The next thing that came up from Annie’s team was the decision to allow video do the story telling. In a series of compelling “Day of the Life” stories, they flagshipped with a devastating yet ultimately uplifting piece following a team in the Infectious Disease Unit, including as they hold the hand (literately & figuratively) of “Grandpa” as he succumbed to COVID-19. The sheer generosity of spirit of the nursing staff speaks far louder than any marketing team ever could and the video is still being shared and receiving comments months later. This series was a terrific success, cementing the value of the video team brought in previously by Annie.
As time passed, these continuing videos have demonstrated that the medical spaces are safe spaces, a newly important message. A series of studies demonstrated that in the wake of coronavirus, too many essential routine and emergent medical procedures were being skipped in fear of the virus. Annie led a campaign to assure the public that returning to the doctor was not only a safe endeavor, it was a necessary one.This was especially visible with recent mammogram posts.
Meeting the Challenge, Showing the Value
Previously in the Houston Methodist corporate culture, the organic content was not seen with the same level of enthusiasm as the paid marketing. After the effectiveness of the COVID messaging, however, that has completely changed. It really demonstrated how patience and quality content addressing an audience need really can turn around numbers and naysayers.
On that front, another central feature to organic messaging was consistent, quality community management. Annie’s team (managed by Zoetica) has a detailed response language sheet that gives a great deal of autonomy for answers. It is Annie’s intention for quick and helpful answers with HIPAA limitations.
During the height of the COVID fear, the tone of inquiries often swung quickly from very positive to very negative, leaving these very real humans to handle them. Maintaining a team focus and an open line of communication was essential to work through this time for all parties from the communications to nursing to our maintenance team and even to the leadership. No one went unscathed. Likely true of most business in 2020. In Houston Methodist’s case, an effort was made to spotlight those real humans.

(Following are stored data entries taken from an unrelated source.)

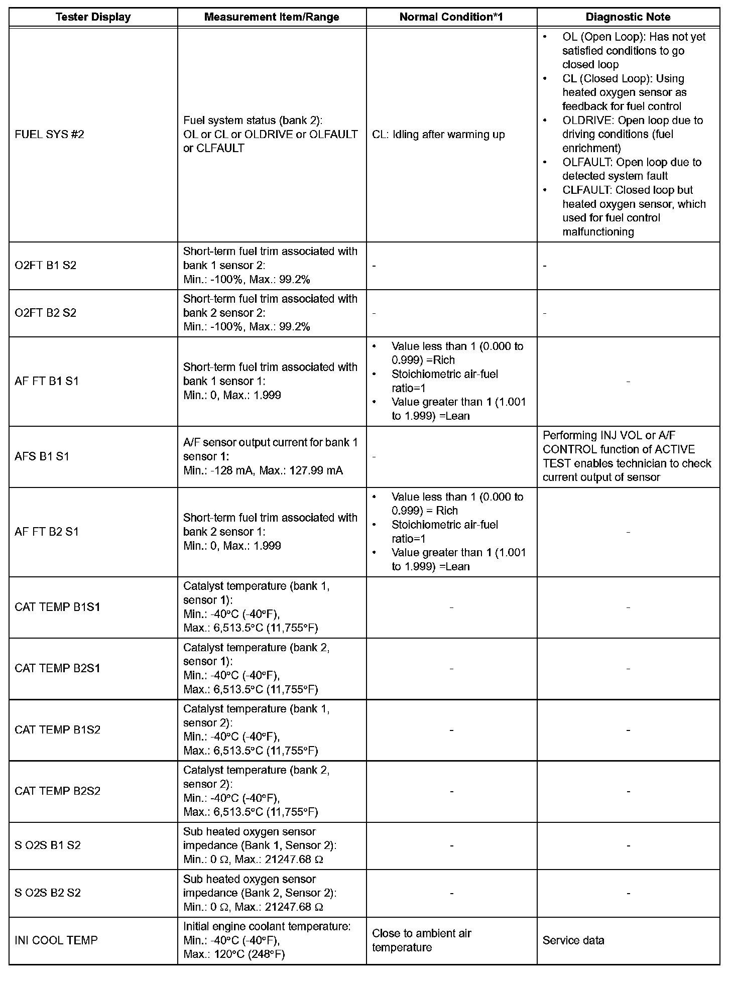 DATA LISTHINT: By reading the DATA LIST displayed on the intelligent tester, you can check values, including those of the switches, sensors and actuators, without removing any parts. Reading the DATA LIST as the first step of troubleshooting is one method of shortening diagnostic time.
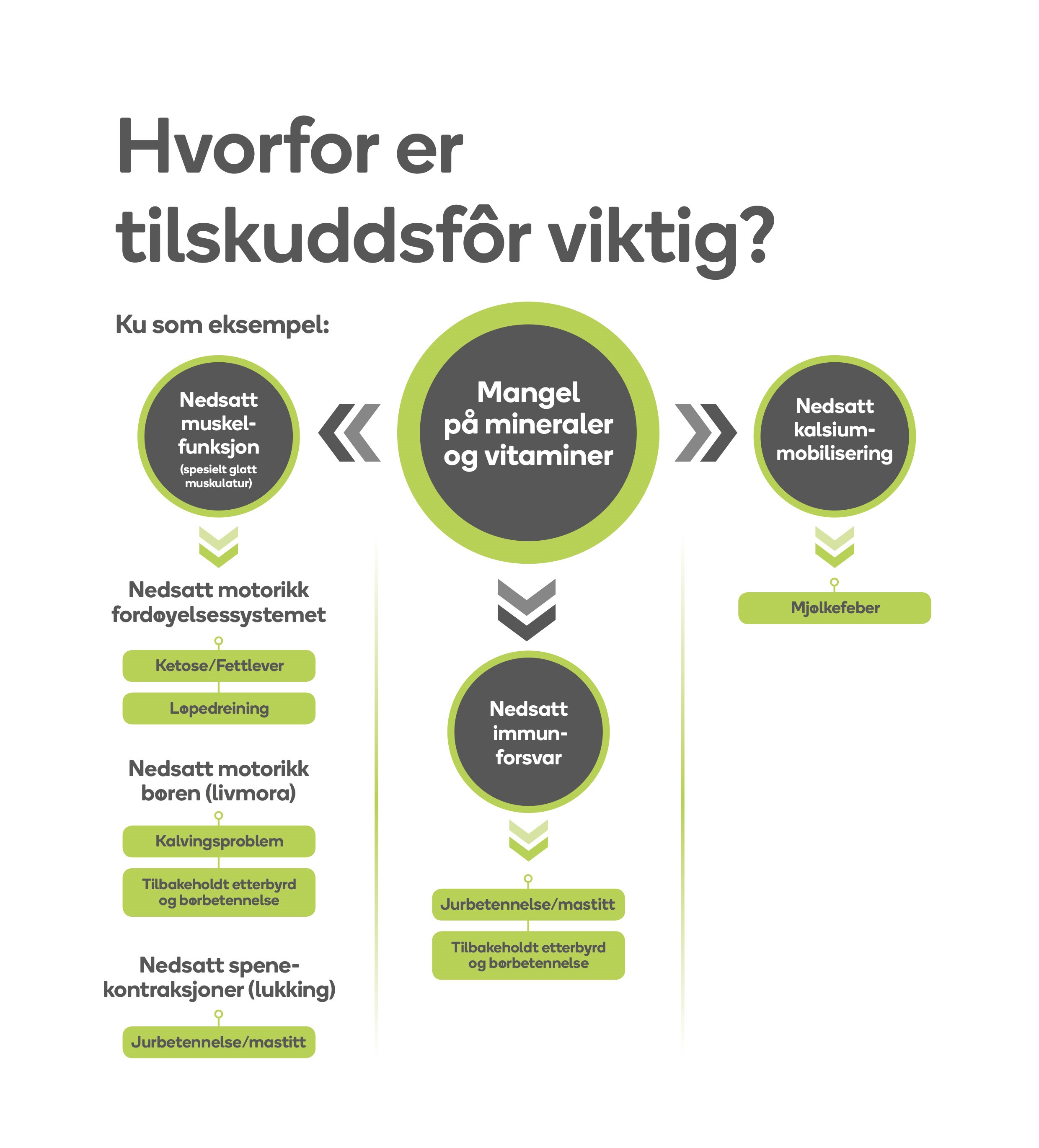 Det er spesielt viktig at dyra får tilskuddsfôr når det gis lite eller ikke noe kraftfôr. Det er viktig at dyra får i seg både makro- og mikromineraler og vitaminer for at alle næringsbehov skal være tilstrekkelig dekket.
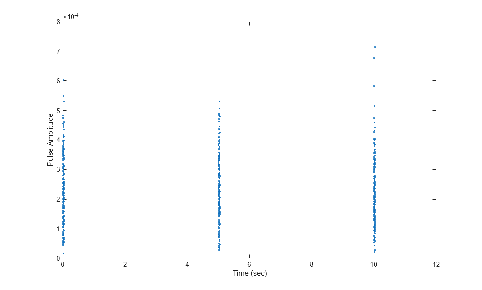 plot(tp(:),z(:),'.') xlabel('Time (sec)') ylabel('Pulse Amplitude')
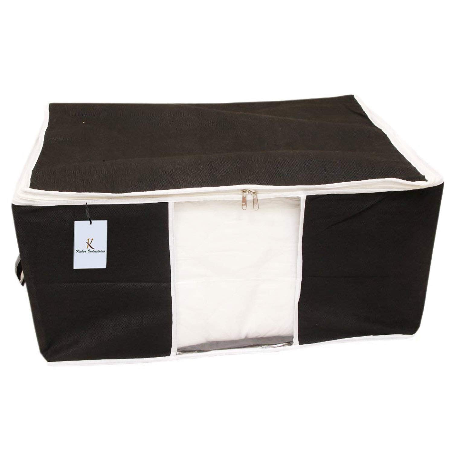 Folding, durable and non woven fabric, easy storage fabric sweater clothes blanket storage bag suitable for storing clothes, blankets, sweater, quilts, coats and other. Easy to organize all your stuff and take out your clothes from mildew, dust, moisture, insects, anti-discoloration as they are well stored. Material - non woven fabric, color - black, dimensions - 65 x 47 x 33 cm. Design- plain. Package contents: 3 under bed storage bag. Carefully stitched to offer additional strength. Transparent see-through window for easy identification of contents.
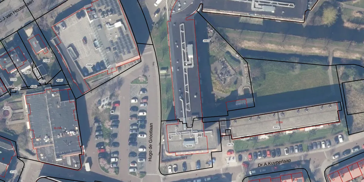 Het perceel waarop Hugo de Grootlaan 30-a-335 staat heeft een oppervlakte van 4180 m². Dit is een zeer groot perceel. De perceeloppervlakte wordt geregistreerd door het Kadaster. Gedetailleerde informatie over de maten van dit perceel kunt u vinden in het rapport Kadastrale kaart met maatvoering van Hugo de Grootlaan 30-a-335.
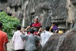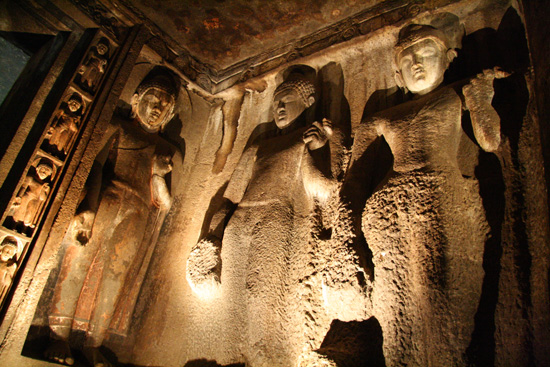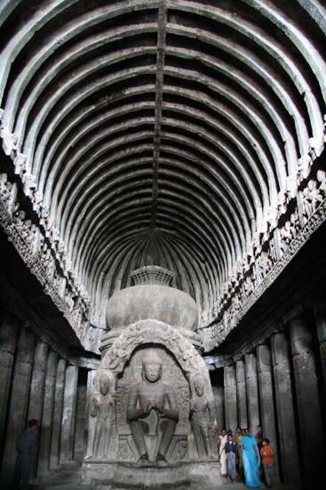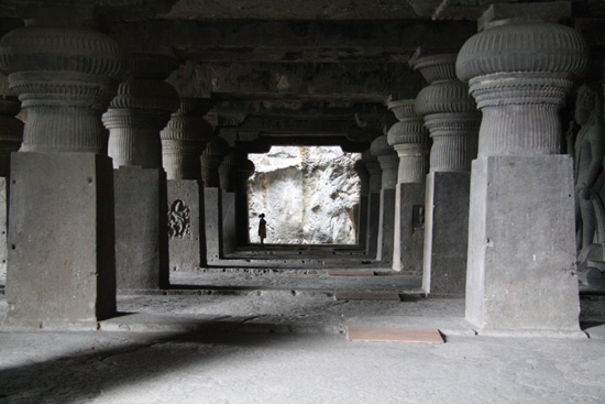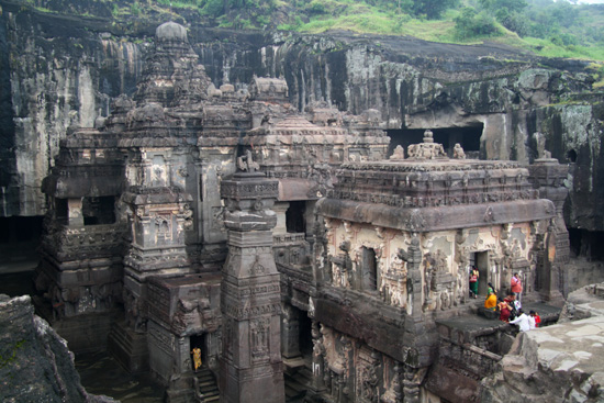 Ellora and Ajanta are extraordinary works of determination, rain or not. The complexes, about 100km from each other, comprise 34 and 28 caves respectively – and are entirely hand carved over hundreds of years. ‘Cave’ is really the wrong word: these are great temples and meeting halls, carved as deep as 25 metres inside great basalt cliff faces, sometime two or three storeys high. Those at Ajanta are particular magnificent, occupying the side of a dramatic horseshoe shape gorge deep in the Deccan plateau, and containing extraordinarily detailed cave paintings of Buddhist scenes that have survived in excellent condition for the best part of 1,500 years.
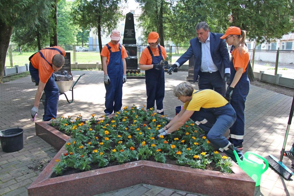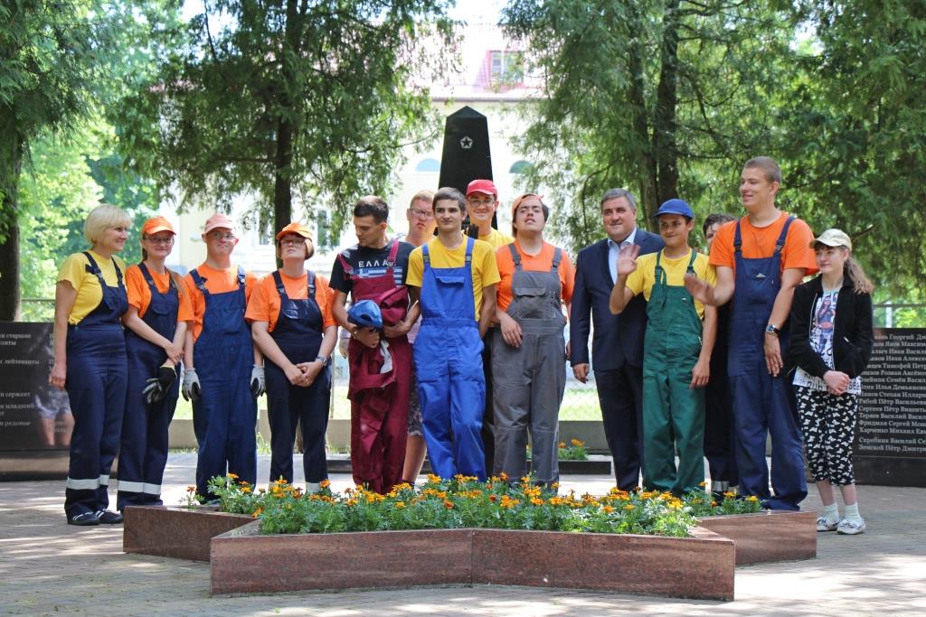 16 мая глава Калининграда Алексей Силанов вместе с воспитанниками Калининградского филиала Советского техникума-интерната высадил цветы на мемориале в микрорайоне Прегольском.
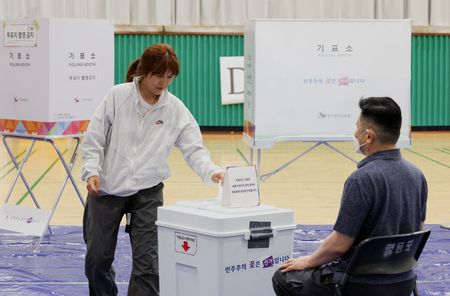A person casts their vote during the presidential election in Seoul, South Korea, June 3, 2025. REUTERS/Go Nakamura
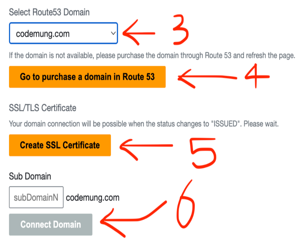그 다음 6번의 Sub Domain 명만 사용자에게 입력받아서 Connect Domain 버튼을 누르면 https:// 로 해당 서브도메인으로 Route53에 연결까지 완료가된다.

A distinct communication issue in the medical field are those that fall under HIPAA – Health Insurance Portability & Accountability Act. This act limits how and when medical records can be discussed in a public forum, especially when referencing another person. This is where the extensive response protocol comes into play. While all comments get a response, these receive a far more structured response, so as to not violate the privacy of the referenced person.
Along those lines are customer complaints. Addressing unhappy patients and their families, is a unique issue in some ways. While Annie still brings her service mindset here, many times the comments run up across the same HIPAA issues. Again, strict protection protocols are the supercedent while efforts to be as transparent within that stand.
In conclusion, Annie returned to the value of quality benchmarks. Know your numbers. For example, a follower from Bangladesh is not as meaningful as a follower in Houston because who is going to use their services? Start with real, viable benchmarks that move you to the real goals you want and be consistent with your work to reach your goals. Organic success is possible, even without a pandemic.